A forensic audit of seismic data
/The SEG-Y “standard” is famously non-standard. (Those air quotes are actually part of the “standard”.)
For example, the inline and crossline location of a given trace — two things that you must have in order to load the data vaguely properly — are “recommended” (remember, it’s a “standard”) to be given in the trace’s header, at byte locations 189 and 193 respectively. Indeed, they might well be there. Or 1 and 5 (well, 5 or 9). Or somewhere else. Or not there at all.
Don Robinson at Resolve told me recently that he has seen more than 180 byte-location combinations, and he said another service company had seen more than 300.
All this can make loading seismic data really, really annoying.

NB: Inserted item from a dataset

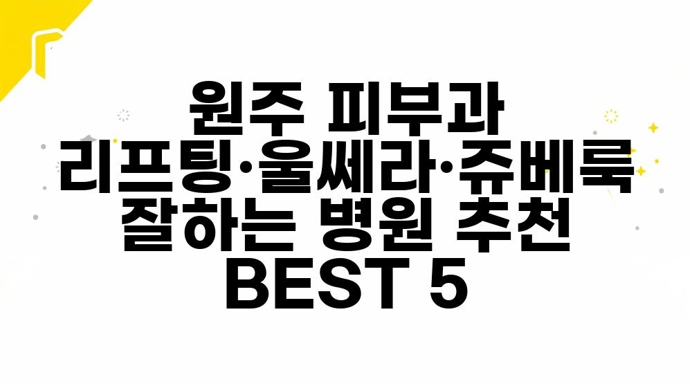 | 원주 리프팅·울쎄라 추천 병원 BEST 5 (2026년) | |

I’d like to propose that the community performs a kind of forensic audit of SEG-Y files. I have 5 main questions:
What proportion of files claim to be Rev 0, Rev 1, and Rev 2? And what standard are they actually? (If any!)

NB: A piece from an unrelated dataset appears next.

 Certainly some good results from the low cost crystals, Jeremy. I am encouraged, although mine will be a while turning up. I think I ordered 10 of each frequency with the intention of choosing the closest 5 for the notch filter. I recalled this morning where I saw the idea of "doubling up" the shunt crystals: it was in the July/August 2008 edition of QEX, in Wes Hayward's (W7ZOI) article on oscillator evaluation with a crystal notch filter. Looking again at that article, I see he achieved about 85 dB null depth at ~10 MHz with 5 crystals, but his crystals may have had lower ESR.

What proportion of files in the wild use IBM vs IEEE floats? What about integers?
What proportion of files in the wild use little-endian vs big-endian byte order. (Please tell me there's no middle-endian data out there!)
What proportion of files in the wild use EBCDIC vs ASCII encoded textual file headers? (Again, I would hope there are no other encodings in use, but I bet there are.)

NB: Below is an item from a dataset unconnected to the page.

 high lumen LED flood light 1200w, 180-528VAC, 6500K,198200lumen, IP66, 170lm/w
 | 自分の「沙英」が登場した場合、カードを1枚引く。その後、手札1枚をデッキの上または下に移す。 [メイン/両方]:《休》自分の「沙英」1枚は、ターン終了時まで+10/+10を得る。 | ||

What proportion of files use the Strongly recommended and Recommended byte locations for trace numbers, sample counts, sample interval, coordinates and inline–crossline numbers?
For each of these <things> it would also be interesting to know:
How does <thing> vary with the other things? That is, what's the cross-correlation matrix?
How does <thing> vary with the age of the file? Is there a temporal trend?
How does <thing> vary with the provenance of the file? What's the geographic trend? (For example, Don told me that the prevalence of PC-based interpretation packages in Canada led to widespread early adoption of IEEE floats and little-endian byte order; indeed, he says that 90% of the SEG-Y he sees in the wild is still IBM ormatted floats!)
While we’re at it, I'd also like in some more esoteric things:
How many files have cornerpoints in the text header, and/or trace locations in trace headers?
How many files have an unambiguous CRS in the text header?
How many files have information about the processing sequence in the text header? (E.g. imaging details, filters, etc.)
How many files have incorrect information in the headers (e.g. locations, sample interval, byte format, etc)
How many processors bother putting useful things like elevation, filters, sweeps, fold at target, etc, in the trace headers?
I don’t quite know how such a survey would happen. Most of these things are obviously detectable from the files themselves. Perhaps some of the many seismic data management systems already track these things. Or maybe you’re a data manager and you have some anecdotal data you can share.
What do you think? I’d love to hear your thoughts in the comments. Maybe there’s a good hackathon project here!